Pay employment taxes: As employer, you owe 7.65% FICA (employee withholding) + 7.65% FICA (employer portion) = 15.3% of wages + income tax withholding.
This can nearly double your daycare cost. For example, if a nanny charges $2,800 quarterly ($11,200/year):
- Gross wages: $11,200
- Employer FICA (15.3%): $1,714
- Federal income tax withholding (12%): $1,344
- Total cost: $14,258 (vs. $11,200 without compliance)
Many families hire in-home daycare providers (self-employed individuals) instead, avoiding employer tax obligations. These providers are responsible for their own self-employment taxes and income tax. This arrangement is legal as long as the care provider controls their business (you don't direct how they work, they see other families, etc.).
State Tax Credits
Many states offer additional child care credits or subsidies beyond the federal credit. For example:
- New York: Additional 10% credit on top of federal credit for lower-income families.
- California: Employer-sponsored dependent care benefits.
- Massachusetts: Tax credit for families using licensed care.
Check your state's tax office or use the /products/childcare-tax-credit-calculator tool to see if your state offers additional benefits.
Coordination With Other Credits
The child and dependent care credit is separate from:
- Child Tax Credit ($2,000 per child): Used for general support, not care expenses.
- Earned Income Tax Credit (EITC): Partially refundable, provides larger benefits to lower-income families.
You can claim both the dependent care credit and the Child Tax Credit for the same child (the credit applies to care expenses; the CTC applies to the child's support). You cannot double-count the same expense for both credits.
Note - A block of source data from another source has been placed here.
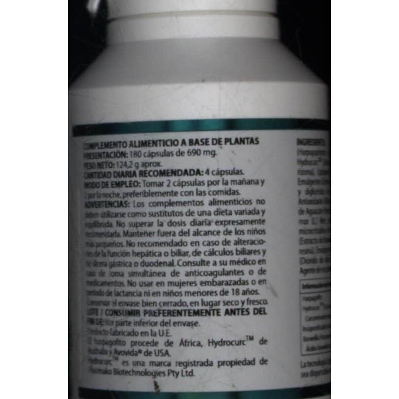 Complemento alimenticio a base de extractos de Harpagofito, Boswellia y Curcuma que actúa como ayuda para combatir las molestias articulares y musculares.
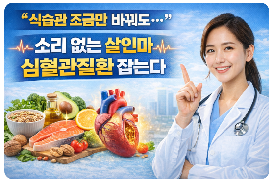 심혈관질환은 전 세계 사망 원인 1위로 꼽히는 대표적인 질환입니다. 국내에서도 암 다음으로 많은 사망자를 내고 있지만, 뚜렷한 증상 없이 진행되는 경우가 많아 **‘소리 없는 살인마’**라 불립니다.
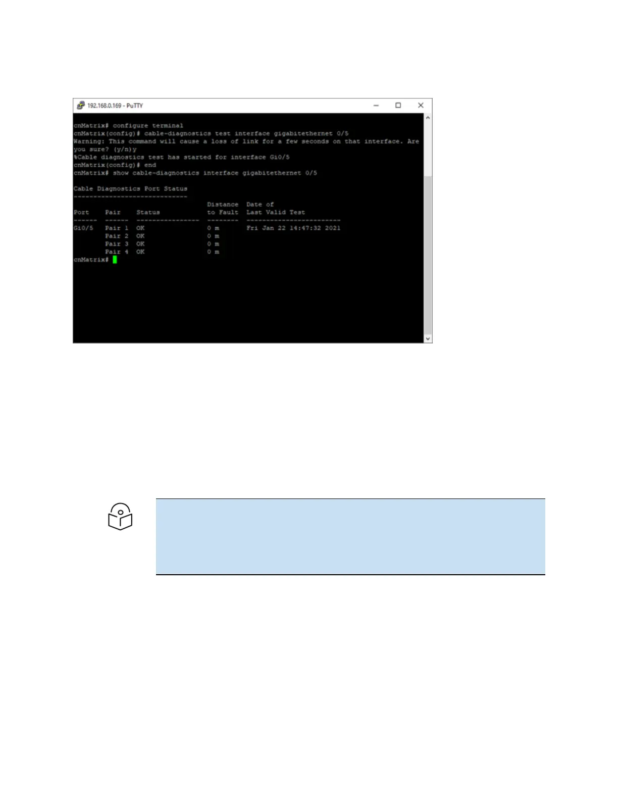 Example: cnMatrix(config)# cable-diagnostics test interface gigabitethernet 0/5
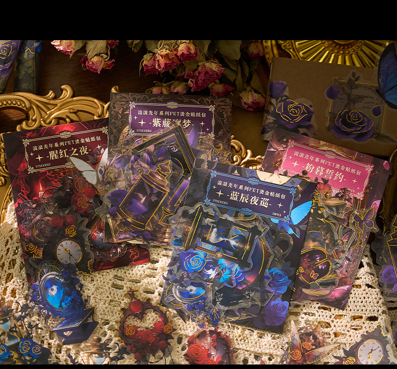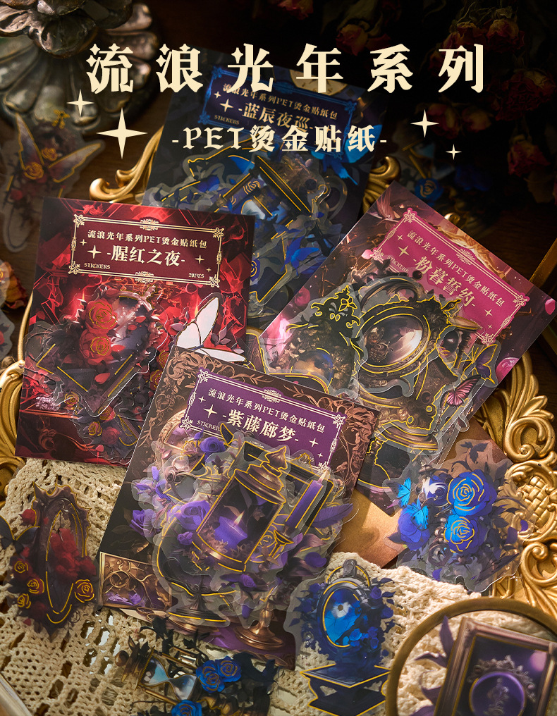 초기 거품 애완 동물 청동 스티커 가방 방황 라이트 년 시리즈 복고풍 고가의 손 계정 DIY 장식 재료 스티커

When Not to Claim the Credit
If your care provider is your spouse or dependent: You cannot claim credit for care provided by a family member you can claim as a dependent.
If the dependent is over 12 at year-end: The age threshold is age 13 (turning 13 during the year disqualifies them).
If you don't work or seek work: Both you and your spouse (if married filing jointly) must work or actively seek work for eligible expenses. If you're retired or not working, the credit doesn't apply.
If you're married filing separately: You cannot claim the credit if you're married filing separately.
Sources
- Internal Revenue Service. "Child and Dependent Care Expenses (Form 2441)." IRS.gov.
- Internal Revenue Service. Publication 503: Child and Dependent Care Expenses.
- Internal Revenue Service. "Household Employment Taxes (Schedule H)." IRS.gov.
- IRS Publication 926: Household Employer's Tax Guide.
- U.S. Treasury. "2026 Tax Credits and Eligibility." Treasury.gov.